Two members of La’s congressional delegation take opposing views during the latest impeachment hearing

Impeachment Hearings Latest with Sabrina Wilson
House Judiciary Committee holds what may be the final impeachment hearing.
House Judiciary Committee holds what may be the final impeachment hearing. (Source: WVUE)

NEW ORLEANS, La. (WVUE) -On Capitol Hill, Democrats in the U.S. House held another hours-long impeachment hearing against Republican President Donald Trump. It was expected to be the final hearing by the House Judiciary Committee on the matter.

And Dillard University political analyst Robert Collins, Ph.D., believes Democrats will stick with their plans to vote on impeachment sooner rather than later.
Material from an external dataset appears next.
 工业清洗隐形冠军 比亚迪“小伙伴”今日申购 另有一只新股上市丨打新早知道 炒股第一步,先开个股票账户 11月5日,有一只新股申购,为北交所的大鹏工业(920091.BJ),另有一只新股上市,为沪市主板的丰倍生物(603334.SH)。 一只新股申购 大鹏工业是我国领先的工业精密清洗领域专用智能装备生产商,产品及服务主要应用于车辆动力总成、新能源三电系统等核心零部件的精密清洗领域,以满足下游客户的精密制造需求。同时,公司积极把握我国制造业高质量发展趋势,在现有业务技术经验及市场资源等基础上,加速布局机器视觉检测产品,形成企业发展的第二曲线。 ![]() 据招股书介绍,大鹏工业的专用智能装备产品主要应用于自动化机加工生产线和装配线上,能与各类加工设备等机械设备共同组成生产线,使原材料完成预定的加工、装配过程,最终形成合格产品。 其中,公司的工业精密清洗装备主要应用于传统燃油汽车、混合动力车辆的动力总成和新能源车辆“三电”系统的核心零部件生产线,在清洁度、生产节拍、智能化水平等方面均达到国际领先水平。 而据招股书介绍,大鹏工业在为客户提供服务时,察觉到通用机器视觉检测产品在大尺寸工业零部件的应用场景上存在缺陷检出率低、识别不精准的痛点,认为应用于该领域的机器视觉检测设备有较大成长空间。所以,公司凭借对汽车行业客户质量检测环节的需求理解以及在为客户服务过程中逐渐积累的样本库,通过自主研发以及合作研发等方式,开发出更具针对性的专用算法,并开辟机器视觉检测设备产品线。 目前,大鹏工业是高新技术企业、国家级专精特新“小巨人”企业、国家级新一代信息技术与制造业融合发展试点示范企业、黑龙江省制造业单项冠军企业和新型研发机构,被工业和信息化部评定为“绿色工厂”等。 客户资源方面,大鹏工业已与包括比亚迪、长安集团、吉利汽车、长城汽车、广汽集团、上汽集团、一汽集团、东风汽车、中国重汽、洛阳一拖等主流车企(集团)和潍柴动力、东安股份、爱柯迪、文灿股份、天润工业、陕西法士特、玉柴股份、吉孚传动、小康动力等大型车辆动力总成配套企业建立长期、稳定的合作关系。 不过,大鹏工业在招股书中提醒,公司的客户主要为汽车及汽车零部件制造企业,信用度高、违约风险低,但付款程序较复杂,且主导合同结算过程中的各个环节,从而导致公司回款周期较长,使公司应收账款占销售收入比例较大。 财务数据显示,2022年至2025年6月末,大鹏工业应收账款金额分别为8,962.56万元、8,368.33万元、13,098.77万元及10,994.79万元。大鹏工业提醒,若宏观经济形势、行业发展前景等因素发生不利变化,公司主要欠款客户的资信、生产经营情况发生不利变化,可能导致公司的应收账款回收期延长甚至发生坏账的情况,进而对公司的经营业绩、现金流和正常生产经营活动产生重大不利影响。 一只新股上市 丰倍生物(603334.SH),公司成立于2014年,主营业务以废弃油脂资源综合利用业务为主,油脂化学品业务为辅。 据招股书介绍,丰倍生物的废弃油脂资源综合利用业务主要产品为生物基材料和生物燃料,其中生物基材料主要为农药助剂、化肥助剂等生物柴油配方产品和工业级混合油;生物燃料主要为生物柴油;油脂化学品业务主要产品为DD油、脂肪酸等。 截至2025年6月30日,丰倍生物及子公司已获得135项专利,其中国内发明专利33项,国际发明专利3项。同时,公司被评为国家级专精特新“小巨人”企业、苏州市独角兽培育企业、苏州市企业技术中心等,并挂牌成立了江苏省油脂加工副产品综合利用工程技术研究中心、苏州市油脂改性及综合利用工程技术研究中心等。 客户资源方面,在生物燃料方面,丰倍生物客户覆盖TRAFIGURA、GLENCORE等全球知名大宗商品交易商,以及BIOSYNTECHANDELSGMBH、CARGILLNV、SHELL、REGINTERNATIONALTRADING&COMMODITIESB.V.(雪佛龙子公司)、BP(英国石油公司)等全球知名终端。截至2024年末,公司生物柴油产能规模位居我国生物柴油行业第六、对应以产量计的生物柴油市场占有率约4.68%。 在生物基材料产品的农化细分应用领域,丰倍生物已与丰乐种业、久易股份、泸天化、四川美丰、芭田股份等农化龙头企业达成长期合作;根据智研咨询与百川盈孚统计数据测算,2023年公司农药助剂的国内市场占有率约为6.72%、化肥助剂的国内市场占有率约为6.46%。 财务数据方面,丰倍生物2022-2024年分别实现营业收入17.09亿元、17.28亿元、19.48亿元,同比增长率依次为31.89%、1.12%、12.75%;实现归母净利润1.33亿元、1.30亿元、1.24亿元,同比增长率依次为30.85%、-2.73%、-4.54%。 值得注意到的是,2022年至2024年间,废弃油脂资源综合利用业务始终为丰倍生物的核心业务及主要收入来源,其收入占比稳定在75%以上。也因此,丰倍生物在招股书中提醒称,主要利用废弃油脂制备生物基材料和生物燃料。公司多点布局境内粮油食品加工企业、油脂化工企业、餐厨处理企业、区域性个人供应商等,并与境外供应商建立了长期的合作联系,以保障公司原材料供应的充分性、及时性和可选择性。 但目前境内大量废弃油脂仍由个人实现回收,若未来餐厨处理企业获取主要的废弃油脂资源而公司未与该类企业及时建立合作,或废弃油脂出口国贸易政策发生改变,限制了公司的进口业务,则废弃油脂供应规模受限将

"I really think ideally they would like to get this done before the Christmas recess and that way they can say our job is done, they can send it over to the Senate for the trial,” Collins said.
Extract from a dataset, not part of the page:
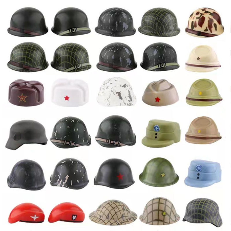 Кирпичные детали с принтом, военный шлем для немецких солдат, детали оружия США, шляпы, британский берет, советский конструктор, фигурка

During the hearing by the Judiciary Committee, Louisiana Congressman Mike Johnson, a Republican, challenged the panel’s Democratic chairman Rep. Jerry Nadler over testimony given by one of the legal counsels for House Democrats.

“This is not about his conduct, he's talking about the motive and the character of the President of the United States,” Johnson said.

Nadler used his gavel to stop Johnson’s comments.

"The gentleman will suspend. The rules of decorum apply to members of the House not to witnesses,” Nadler said in response.

Congressman Cedric Richmond of New Orleans, the only Democrat in Louisiana’s congressional delegation, asked questions pointing to the allegations that Trump pressured Ukraine’s president to investigate former Vice President Joe Biden, in hopes of influencing the 2020 election. Biden, a Democrat, is running for president.

"So, the president was concerned about two investigations and that was the predicate for releasing aid to our allies?” asked Richmond to another legal counsel for Democrats.

“At the time of that email, yes,” answered attorney Daniel Goldman.

Collins, who worked on Capitol Hill for two former Louisiana U.S. senators says Democrats believe they must impeach President Trump on constitutional grounds over his request that a foreign government leader investigate Biden.

Still Collins thinks that Democrats also have political goals in mind.

"The first goal is that they're trying to tarnish the president with the tag of impeachment because they think that will lower his favorability ratings and it will hurt him in the reelection campaign and perhaps they can defeat him on that basis,” Collins said.

If the House votes to impeach Trump as expected then a trial would be held in the Republican-controlled U.S. Senate and Louisiana Sen. Bill Cassidy would sit as a juror along with the other senators.

"What I’ve followed so far it doesn’t seem like it rises to the level of an impeachable crime. I can tell you what it’s going to do, it’s going to block a lot of good legislation from being considered because it’s going to take all the time and attention,” Cassidy, a Republican, stated.

FOX 8 News talked to Cassidy about the impeachment proceedings from Capitol Hill. Cassidy says he does not blame Trump for not accepting the Democrats’ invitation to take part in the House hearings.

"The Democrats put a whole set of conditions that said you can participate if you again adhere to everything we ask you to do and that’s not really how such proceedings should go forward,” Cassidy says.

Collins thinks national Democrats have another goal in their pursuit of impeachment.

"They are trying to recapture the United States Senate and they believe that forcing those Republicans in swing states to take a tough vote to acquit the president will actually reduce the favorability ratings of those incumbent Republicans and perhaps cause them to lose their seats,” Collins stated.

But will the televised hearings help the Democrats increase public support for impeaching the president?

Collins thinks most of the body politic has made up its mind already.

"Right now, the Democrats and Republicans are fighting over a very small sliver of the electorate, only a few percentage points that are undecided,” said Collins.